Exercise aim >> An exact copy of every record is needed, with all pictures omitted.

Dataset records:
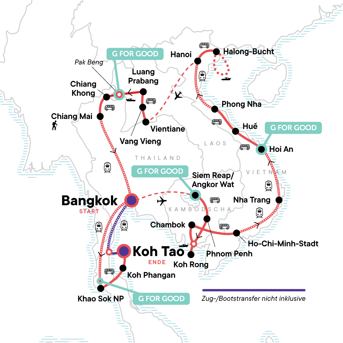 Erlebe Thailand, Kambodscha, Vietnam und Laos jetzt mit uns auf deine Weise mit diesem erschwinglichen Trip speziell für junge Reisende! Tausche zwischen den Marktständen von Siem Reap bei einem Drink Geschichten mit deinen Mitreisenden aus, erlerne die hohe Kunst der Nudelherstellung in Hoi An und genieße die letzten Sonnenstrahlen des Tages inmitten der glitzernden blauen Wellen von Ko Pha-Ngan. Dieses 40-tägige Abenteuer bietet viel Zeit, um deinen Puls mit diesem Teil Südostasiens in Einklang zu bringen - und du wirst sicherlich für mehr dorthin zurückkehren.
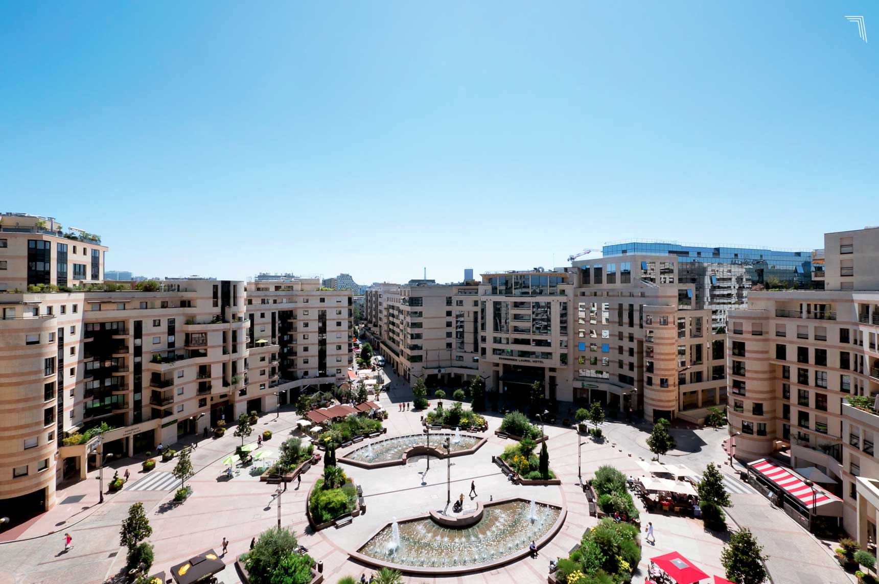 Les immeubles récents de la très prisée Place Georges Pompidou à Levallois-Perret.
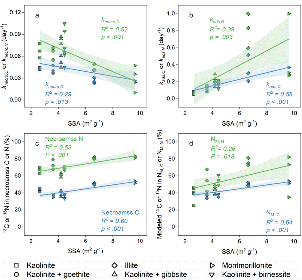圖3. 土壤比表面積對微生物殘留物碳和氮礦化速率常數(shù)(a)、吸附率常數(shù)(b)、土壤殘留物13C和15N回收率(c)和礦物結(jié)合有機(jī)質(zhì)中殘留物13C和15N模擬回收率(d)的影響。
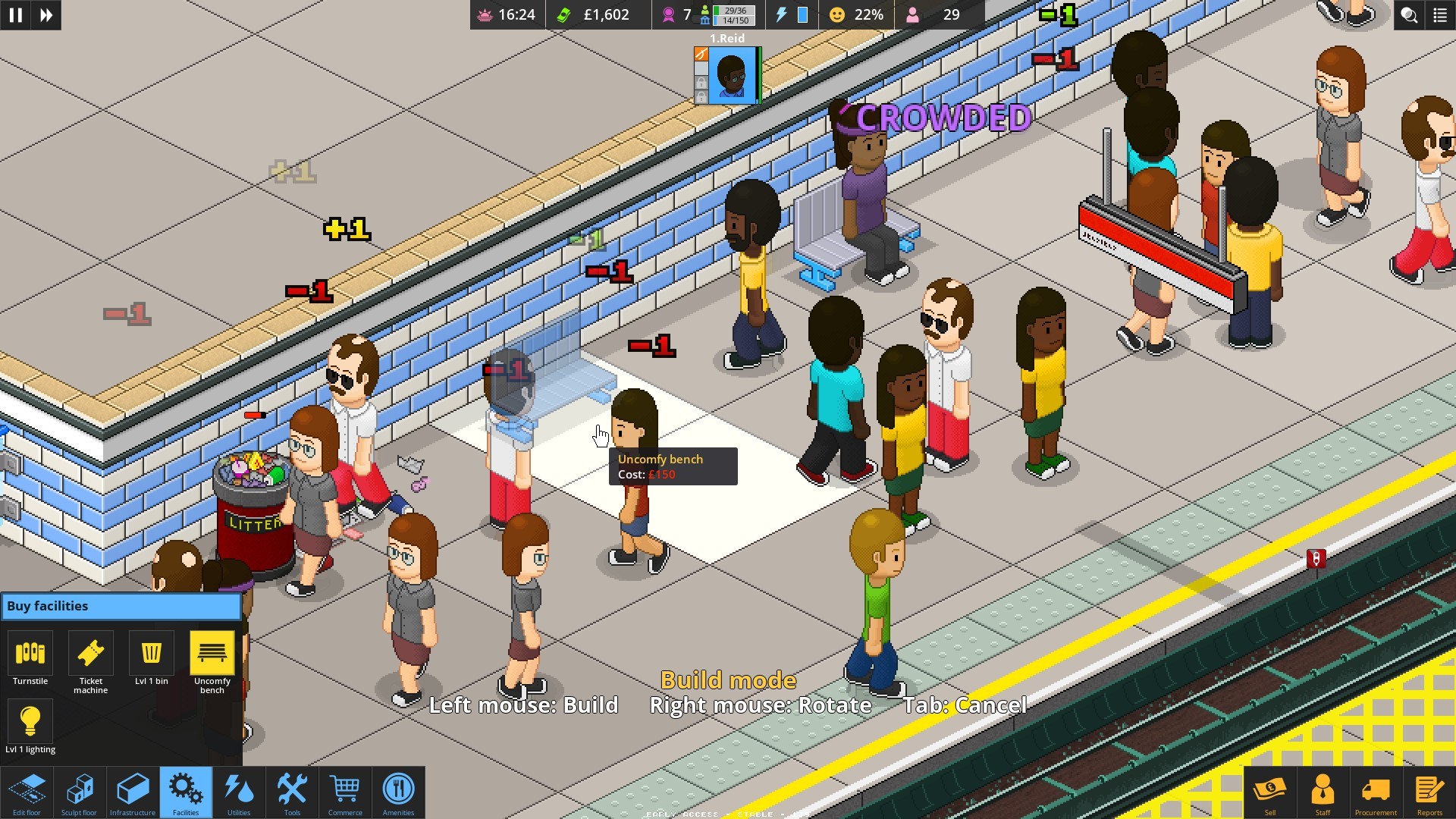 Pendler haben Bed?rfnisse, genau wie Du und ich. Die Gefahren einer schlecht gef?hrten Station - Versp?tungen, Hitze, Schmutz, Ratten - beeinflussen ihren Geisteszustand und den Ruf Ihrer Station. H?te dich vor Ganoven und Taschendieben, die versuchen werden, dein Vorhaben zu ruinieren!
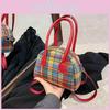 Geantă de mână mini tip scoică nouă de toamnă cu carouri contrastante, modă, geantă crossbody mică, material moale, geantă de umăr de designer pentru femei
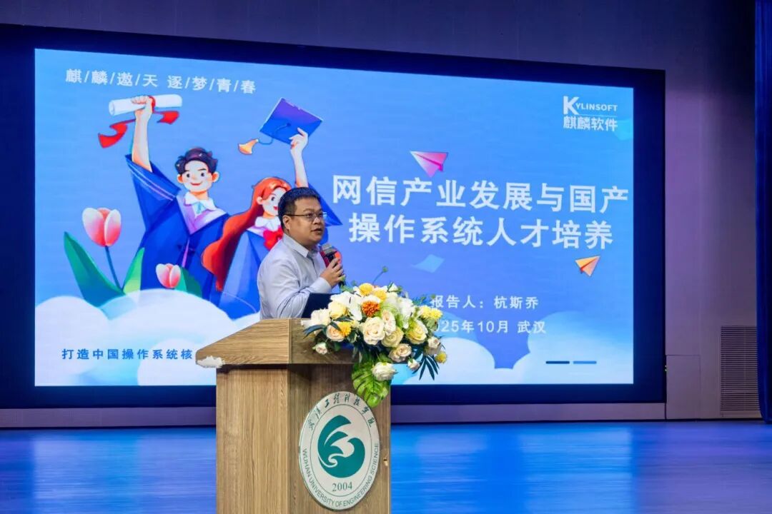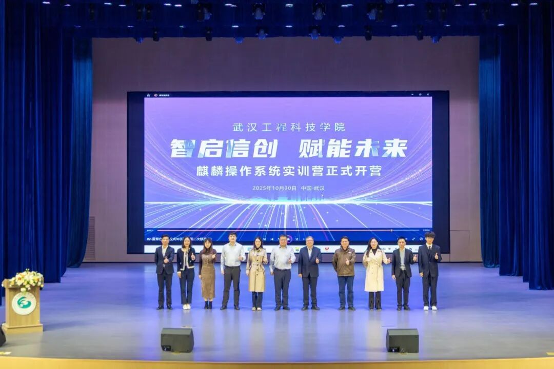 10月30日,武汉工程科技学院举行麒麟工坊实训基地揭牌仪式暨麒麟操作系统实训营开营仪式。本次活动由武汉工程科技学院新E代数智未来产业学院主办,计算机与人工智能学院承办。此次活动标志着学院在国产操作系统人才培养领域迈出重要一步,吸引了麒麟软件有限公司高层、校方领导及500余名师生共同参与。
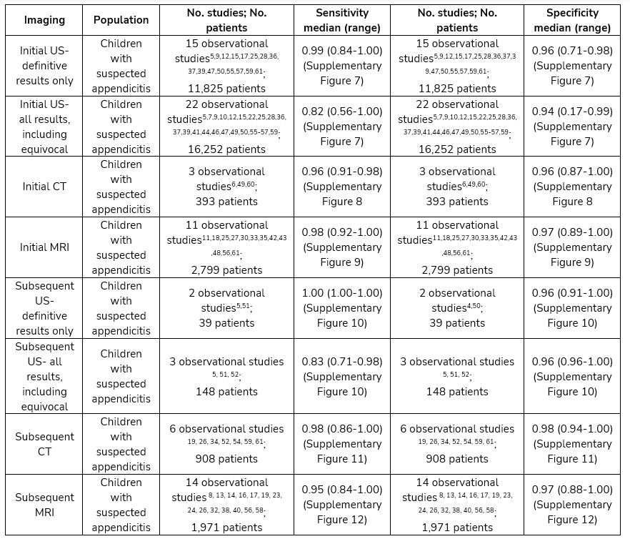 Summary of Evidence for Imaging Modalities Compared to Pathology for Diagnosing Acute Appendicitis in Adults
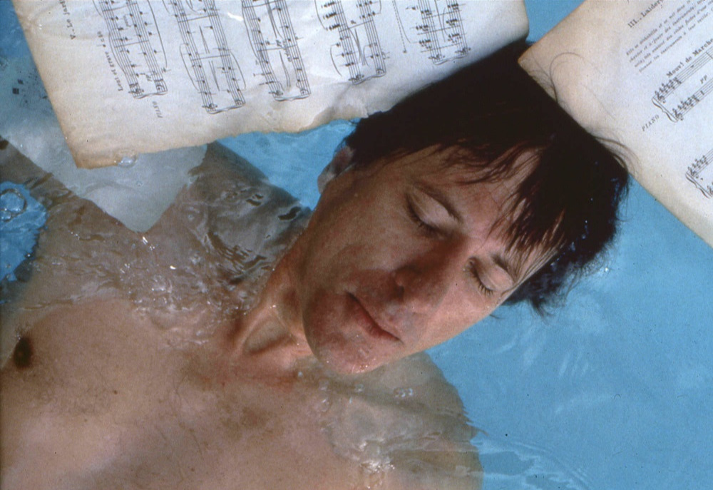 악보가 둥둥 떠 있는 수영장에서 물 위로 얼굴을 내밀고 누운 데이비드. 영화 <샤인> 스틸컷

Reply to the exercise >>
 Erlebe Thailand, Kambodscha, Vietnam und Laos jetzt mit uns auf deine Weise mit diesem erschwinglichen Trip speziell für junge Reisende! Tausche zwischen den Marktständen von Siem Reap bei einem Drink Geschichten mit deinen Mitreisenden aus, erlerne die hohe Kunst der Nudelherstellung in Hoi An und genieße die letzten Sonnenstrahlen des Tages inmitten der glitzernden blauen Wellen von Ko Pha-Ngan. Dieses 40-tägige Abenteuer bietet viel Zeit, um deinen Puls mit diesem Teil Südostasiens in Einklang zu bringen - und du wirst sicherlich für mehr dorthin zurückkehren.
 Les immeubles récents de la très prisée Place Georges Pompidou à Levallois-Perret.
圖3. 土壤比表面積對微生物殘留物碳和氮礦化速率常數(shù)(a)、吸附率常數(shù)(b)、土壤殘留物13C和15N回收率(c)和礦物結(jié)合有機(jī)質(zhì)中殘留物13C和15N模擬回收率(d)的影響。
 Pendler haben Bed?rfnisse, genau wie Du und ich. Die Gefahren einer schlecht gef?hrten Station - Versp?tungen, Hitze, Schmutz, Ratten - beeinflussen ihren Geisteszustand und den Ruf Ihrer Station. H?te dich vor Ganoven und Taschendieben, die versuchen werden, dein Vorhaben zu ruinieren!
 Geantă de mână mini tip scoică nouă de toamnă cu carouri contrastante, modă, geantă crossbody mică, material moale, geantă de umăr de designer pentru femei
 10月30日,武汉工程科技学院举行麒麟工坊实训基地揭牌仪式暨麒麟操作系统实训营开营仪式。本次活动由武汉工程科技学院新E代数智未来产业学院主办,计算机与人工智能学院承办。此次活动标志着学院在国产操作系统人才培养领域迈出重要一步,吸引了麒麟软件有限公司高层、校方领导及500余名师生共同参与。
 Summary of Evidence for Imaging Modalities Compared to Pathology for Diagnosing Acute Appendicitis in Adults
 악보가 둥둥 떠 있는 수영장에서 물 위로 얼굴을 내밀고 누운 데이비드. 영화 <샤인> 스틸컷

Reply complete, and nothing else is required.